Actually, the last time I washed his beloved Rabbit, when I went to remove it from the washing it was minus an arm. Oops. Spot the mummy who isn’t fully qualified in laundry and clearly didn’t get her Washer-woman badge at Brownies (I did get my hostess badge though, so if you want a cup of tea bought to you on a tray with a basket I made from weaved paper and a curtsey at the end, I’m your gal!).

 I digress… (I do that a lot)

So the rabbit absoloutely stinks, has it’s own microclimate, and needs a date with some detergent.
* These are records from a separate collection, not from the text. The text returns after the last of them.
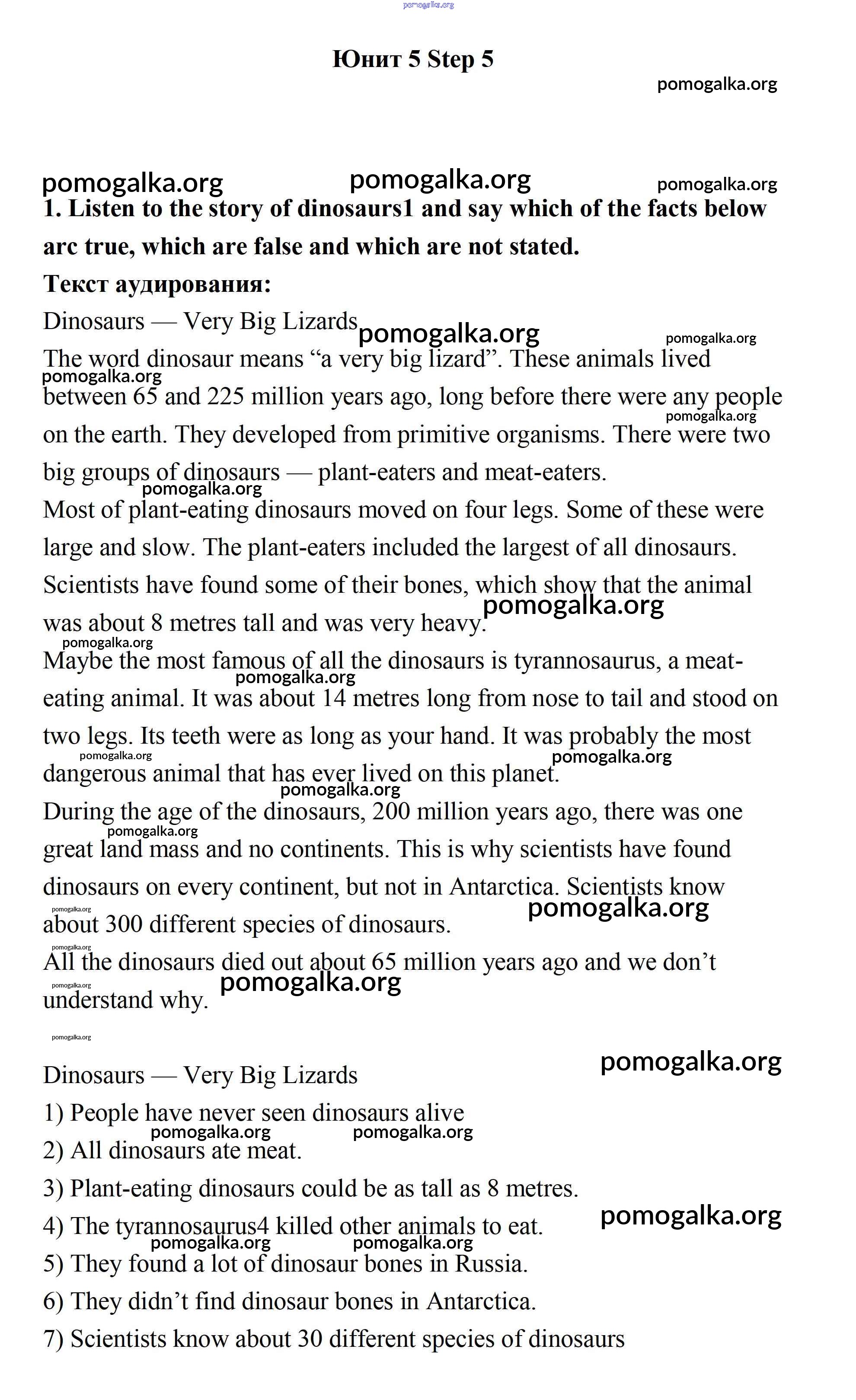 Готовые ответы - Английский язык 7 класс Афанасьева Rainbow - step 5 unit 5 1
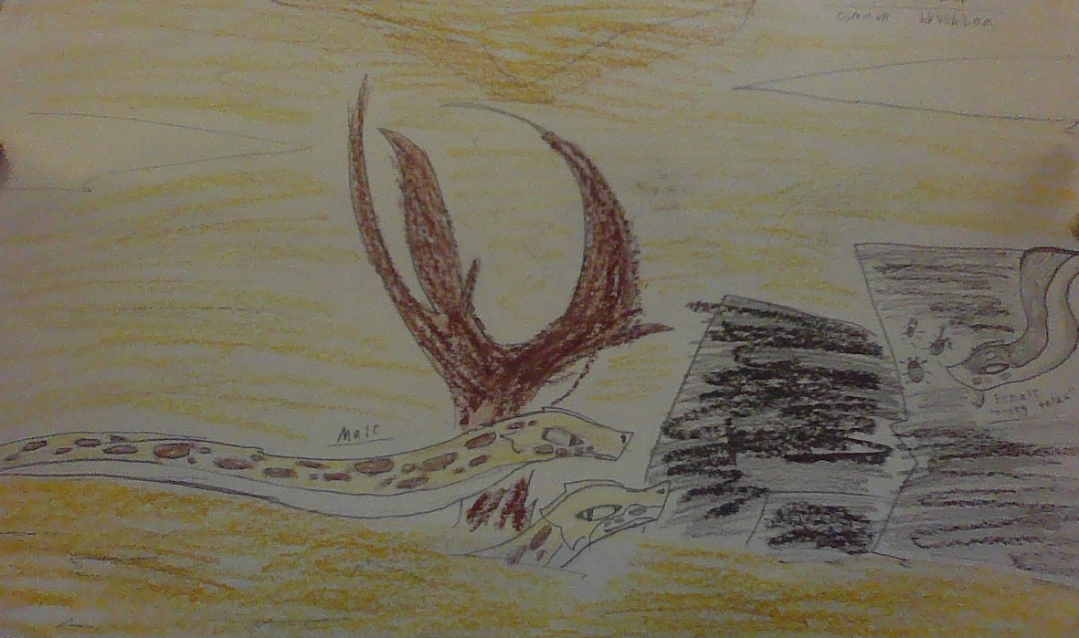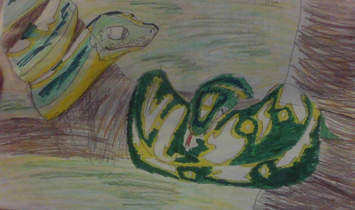 Since you probably know what Emerald Tree boas are, we can go about 3,000 years into the future. Environmental changes have turned the Amazon rainforest into a desert. There are, of course, not many trees in a desert, so Topaz Brushboas have changed to live in rocks and small caves. With no trees, there is not much prey in the desert, Topaz brushboas have also become smaller so they need less food, and less sensitive sensors to detect prey and not sand. Finally, since they’re in the desert with a lot of sand, their past green coloration only makes them more visible to predators. Males are yellow, brown and white, while females are grey and white.
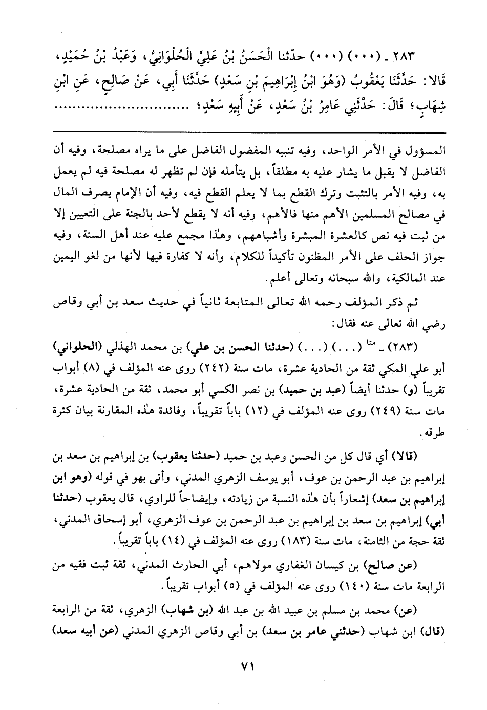٢٨٣ - (٠٠) (٠٠) (حدَّثنا الْحَسَنُ بْنُ عَلِيٍّ الْحُلْوَانِي، وَعَبْدُ بن حُمَيدٍ، قَالا: حَدَّثَنَا يَعْقُوبُ (وَهُوَ ابْنُ إِبرَاهِيمَ بْنِ سَعْدٍ) حَدَّثَنَا أَبِي، عَنْ صَالِحٍ، عَنِ ابْنِ شِهَابٍ؛ قَال: حَدَّثَنِي عَامِرُ بْنُ سَعْدٍ، عَنْ أَبِيهِ سَعدٍ؛
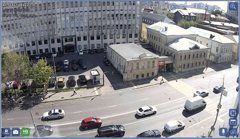 In addition to buttons, the upper right corner displays the camera name and some other information: codec, resolution, frames per second, and the current bit rate. The appearance and volume of information displayed is adjusted in the View options... menu.
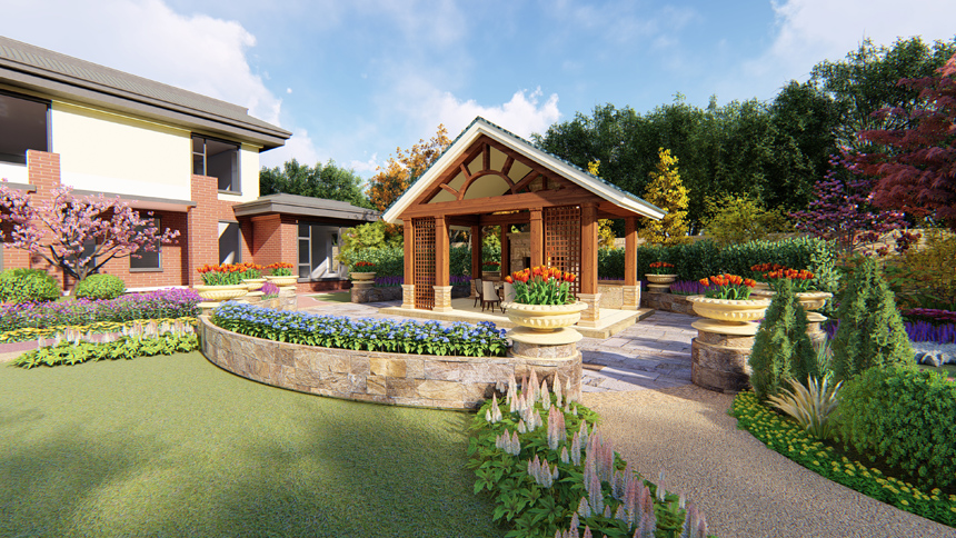 休息区位于中轴的东侧,有二层弧形半围合形式。第一层是北海道黄杨形成的围合,第二层是花卉形成的围合,中间休息亭安放此处,二重围合象征家庭的团圆与温暖的环抱。这样设计,庭院不单单是户外空间,更赋予一种家的温度。亭休息区是整个庭院核心区的东侧,颇有一览众山小的味道,庭院所有的景观一收眼底,中心的开敞绿地,南侧的廊架,及周围的植物造景形成美丽的风景。
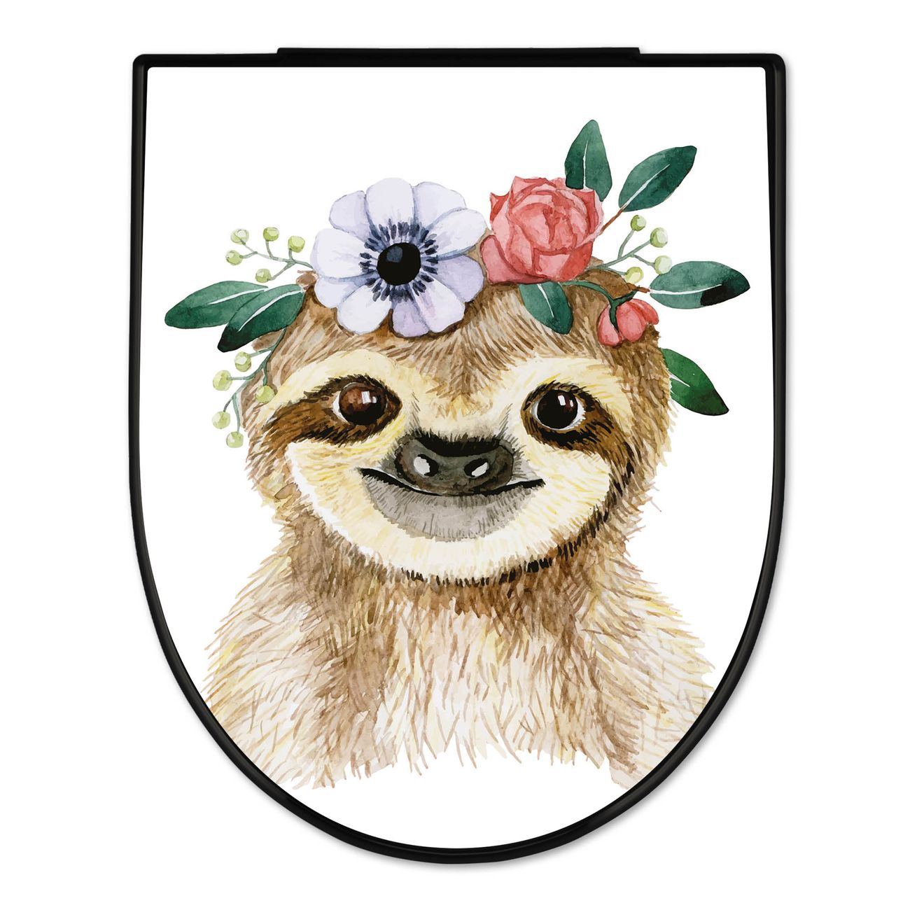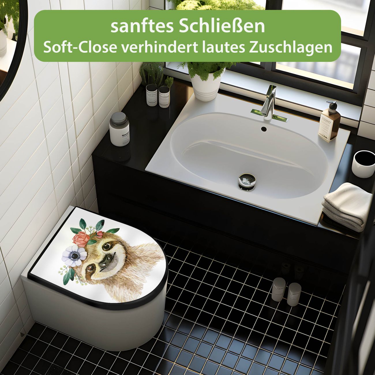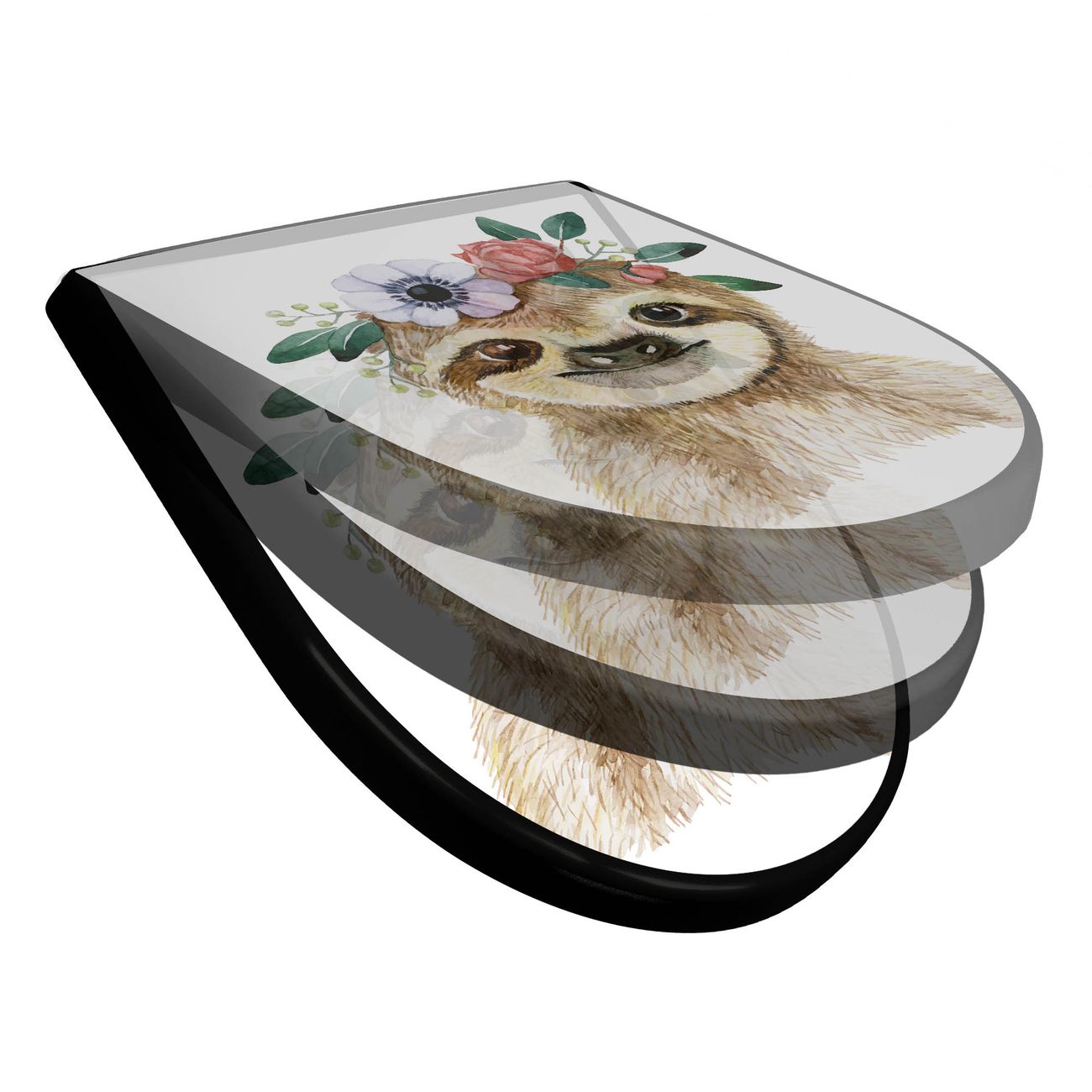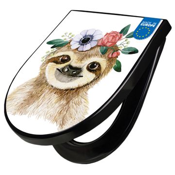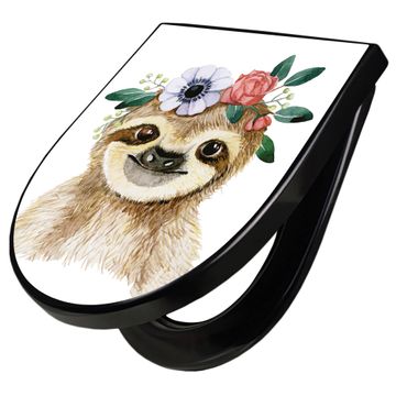 WC Sitz D-Form Schwarz mit Absenkautomatik Motiv Fröhliches Faultier mit Blumenkranz
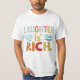 A design da camiseta apresenta a frase "Rir é Rico" escrita em uma fonte ousada e divertida no centro. Ao redor do texto estão ilustrações caprichosas de rostos risonhos, cada um com uma expressão única, acrescentando ao tema alegre e iluminado do design. O esquema de cores é vibrante, com uma mistura de tons quentes como laranja, amarelo e vermelho, melhorando a vibração alegre e positiva do design geral.
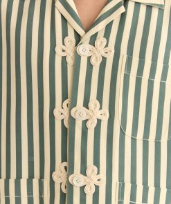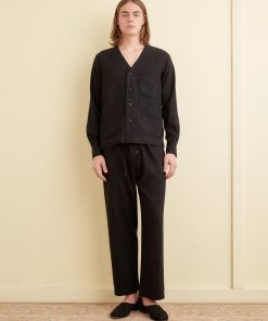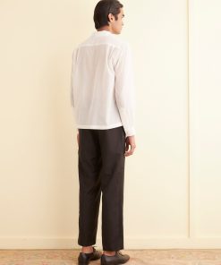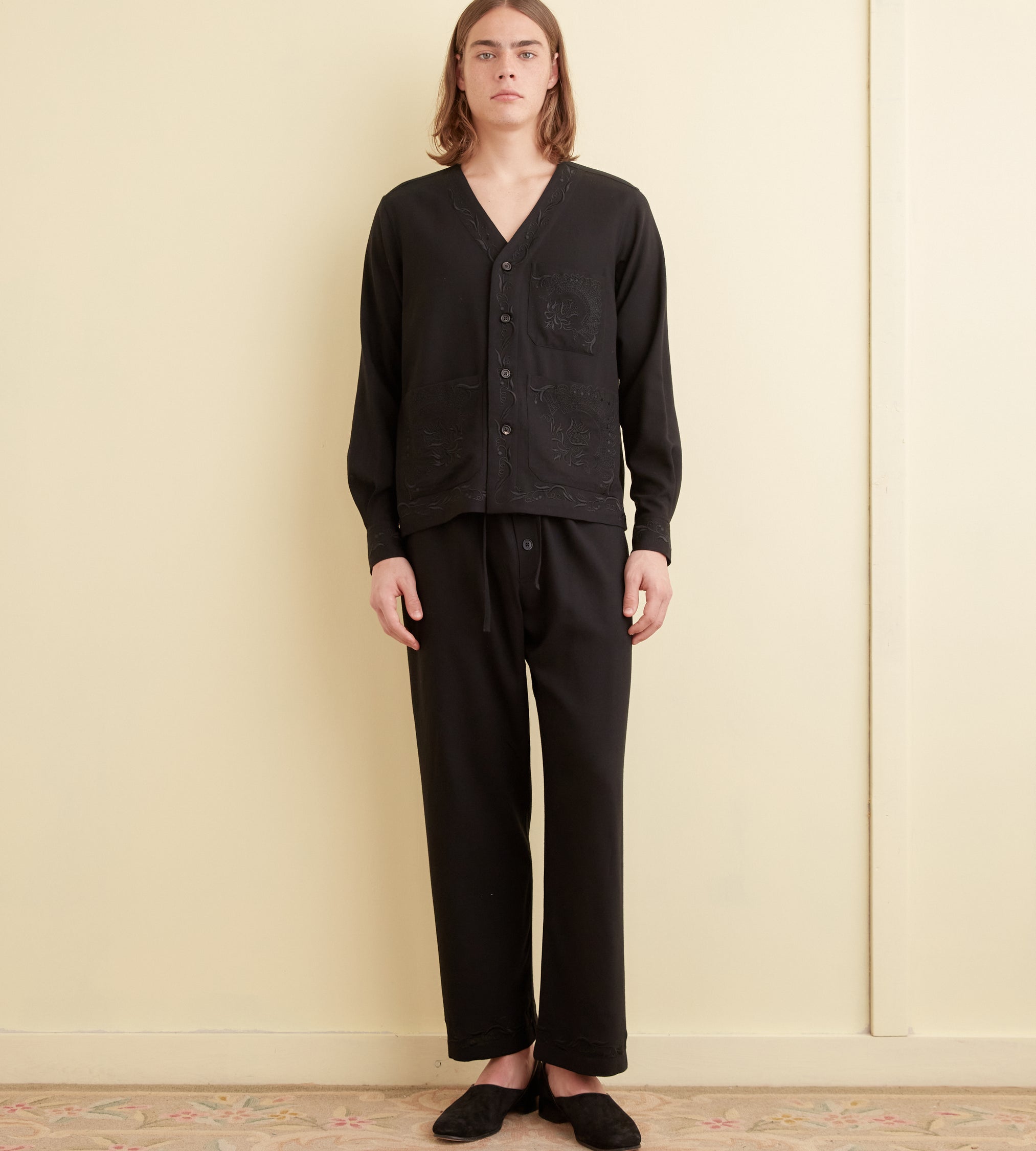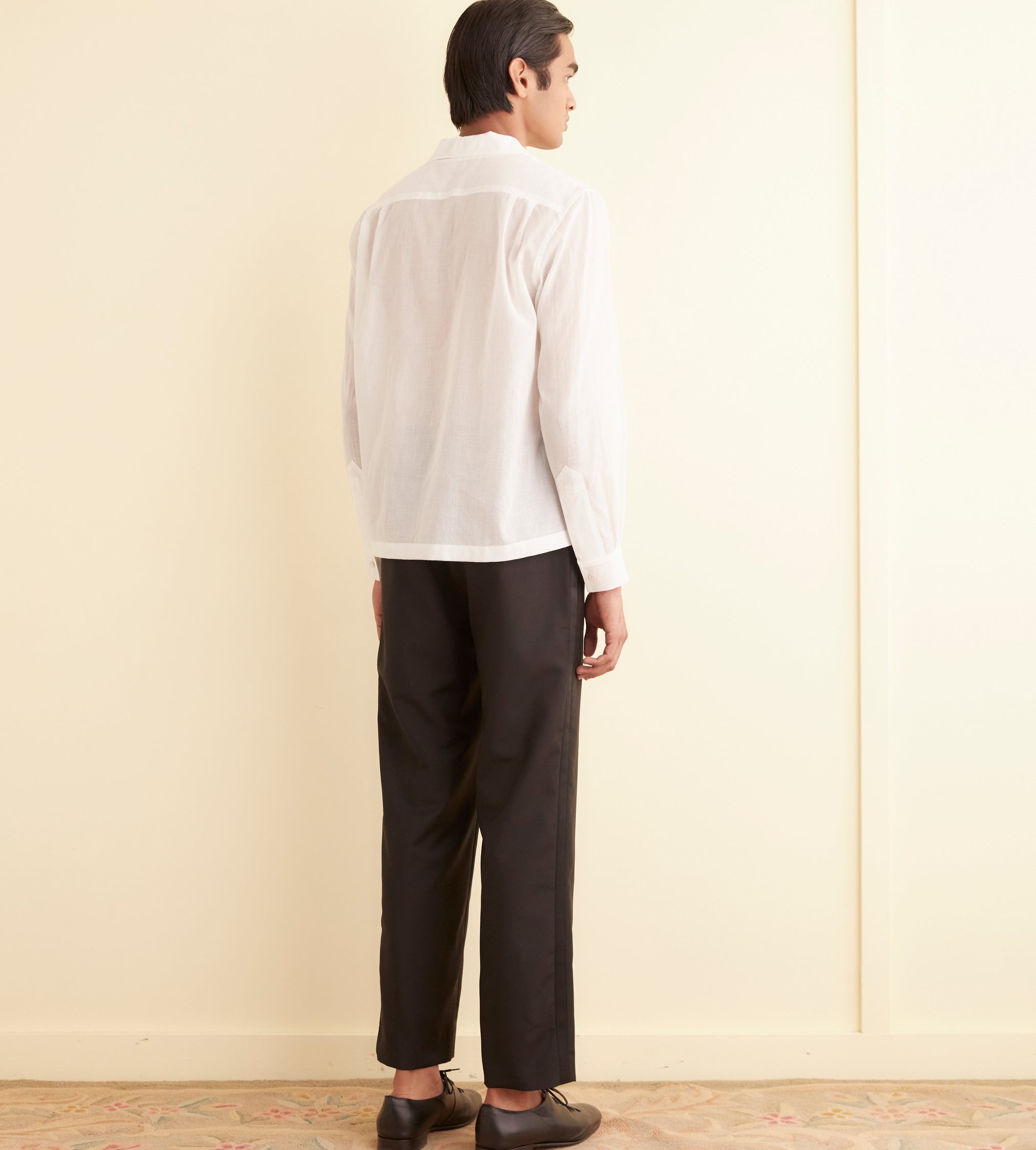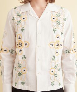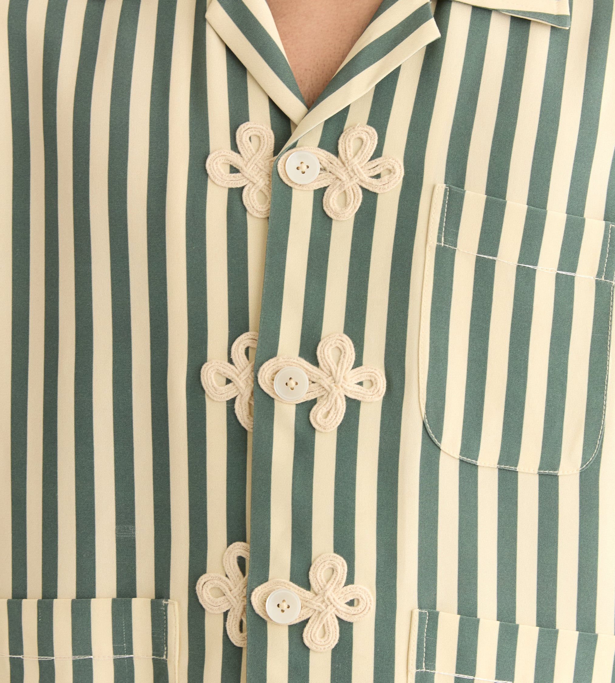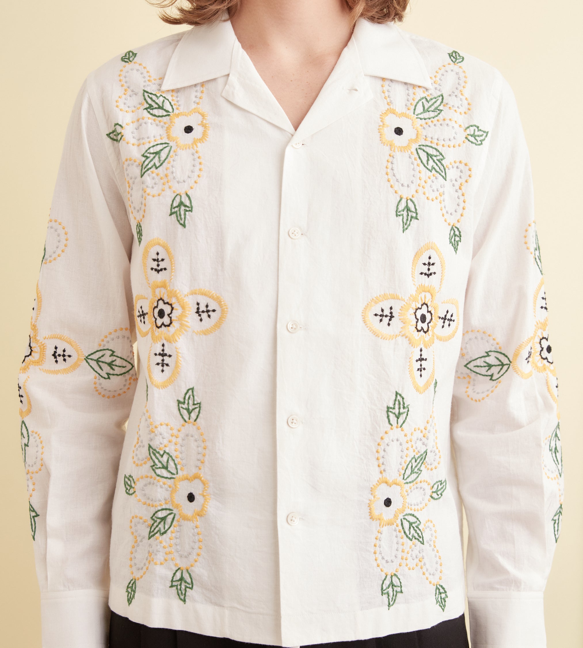 Tee-shirt à manches longues en jersey de coton biologique flammé écru imprimé de pois noirs.

He’s had this rabbit cuddly toy since he was born and he just took a liking to it one day, love at first sight and all that, and they’ve been inseperable since. We once left Rabbit at Nanny and Grandad’s house after a sleepover and that resulted in mummy having to drive back there to pick it up so he could go to sleep. He really loves it.

The trouble is, because he loves it so much, it’s really bloody difficult to prise the thing from his grasp in order to give it a much required spa day. This has resulted in about 8 months worth of sweat, dribble, snot, bogeys and poo particles becoming ingrained into it and it really has developed it’s own ‘unique’ scent. Frankly, it makes me want to vom. I’ve tried an anti-bacterial spray on it but it’s not done the job. It needs a deep clean and a colonic, stat.

I plan on doing the deed tomorrow whilst he is at school and I’m praying for a ‘good drying day’ so that it’ll be dried and ready for bedtime. That’s the plan anyway.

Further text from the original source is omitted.